Agenci Secret Service zamknęli Biały Dom i budynek Kapitolu. Miało to związek z tajemniczym samolotem, który naruszył przestrzeń powietrzną stolicy USA.
Zdarzenie miało miejsce około dziewiątej rano czasu lokalnego. Pracujący w Białym Domu dziennikarze czekający na telekonferencję z prezydentem Trumpem poinformowali za pośrednictwem mediów społecznościowych, że agenci Secret Service zamknęli drzwi. Cały budynek został postawiony w stan tzw. lockdown czyli zamknięto wszystkie wejścia. Procedura ta stosowana jest w przypadku wystąpienia zagrożenia.
Podobne sceny rozegrały się także w budynku Kapitolu, gdzie strzegący polityków agenci Secret Service odcięli większość pomieszczeń i ewakuowali wiele osób, oraz w wielu innych miejscach stolicy USA.
White House totally on lockdown. All press being sheltered in place inside briefing room.
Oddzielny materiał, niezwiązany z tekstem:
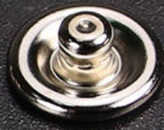
公扣 x 25PCS

Similar reported response at the a U.S. Capitol + congressional office buildings pic.twitter.com/9GlXpH1qLq
— j.d. durkin (@jd_durkin) November 26, 2019
Szybko wyszło na jaw, że działanie agentów miało związek z samolotem, który naruszył bez pozwolenia zamkniętą strefę powietrzną nad Waszyngtonem. Na jego spotkanie z bazy lotniczej Andrews ruszyły myśliwce. Nieoficjalnie wiadomo, że w stan gotowości postawiono również baterie rakiet przeciwlotniczych.
Alarm w Kapitolu skończył się 9 minut później. W Białym Domu potrwał nieco dłużej, około kwadransa. Amerykańskie media donoszą, że władze od początku zakładały, że samolot nie ma wrogich zamiarów. Trudno się jednak dziwić ich reakcji biorąc pod uwagę zamach z 11 września 2001.
Na razie nie wiadomo jaki samolot wywołał panikę w Waszyngtonie i co stało się z nim po przechwyceniu przez myśliwce.